* _Raw data_:

┌──

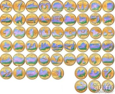 Набор квотеров США 56шт,цветные.1999-2009гг
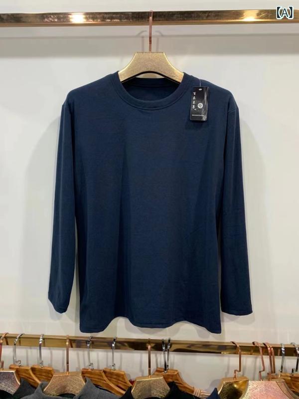 Tシャツ メンズ 男性用 トップス 秋冬 長袖 丸首 スリム 保温インナー 肌着 ポリエステル 無地 黒/コーヒー色/深グレー・素材: ポリエステ... |
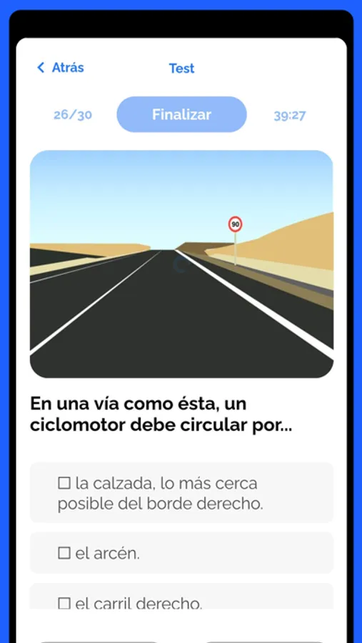 2) Simulación de examen: imagínate que estás delante del examen teórico oficial y que tienes un tiempo limitado para contestar a todas las preguntas del Test DGT. ¡Más que imaginarlo, ahora lo podrás hacer en la aplicación!

└──

* _Instructions to follow_: Nothing but the lines from the beginning of the material through the line with "Tシャツ メンズ 男性用" should appear, printed exactly, with no pictures among them.

* _Reply to the task_:
 Набор квотеров США 56шт,цветные.1999-2009гг
 Tシャツ メンズ 男性用 トップス 秋冬 長袖 丸首 スリム 保温インナー 肌着 ポリエステル 無地 黒/コーヒー色/深グレー・素材: ポリエステ... |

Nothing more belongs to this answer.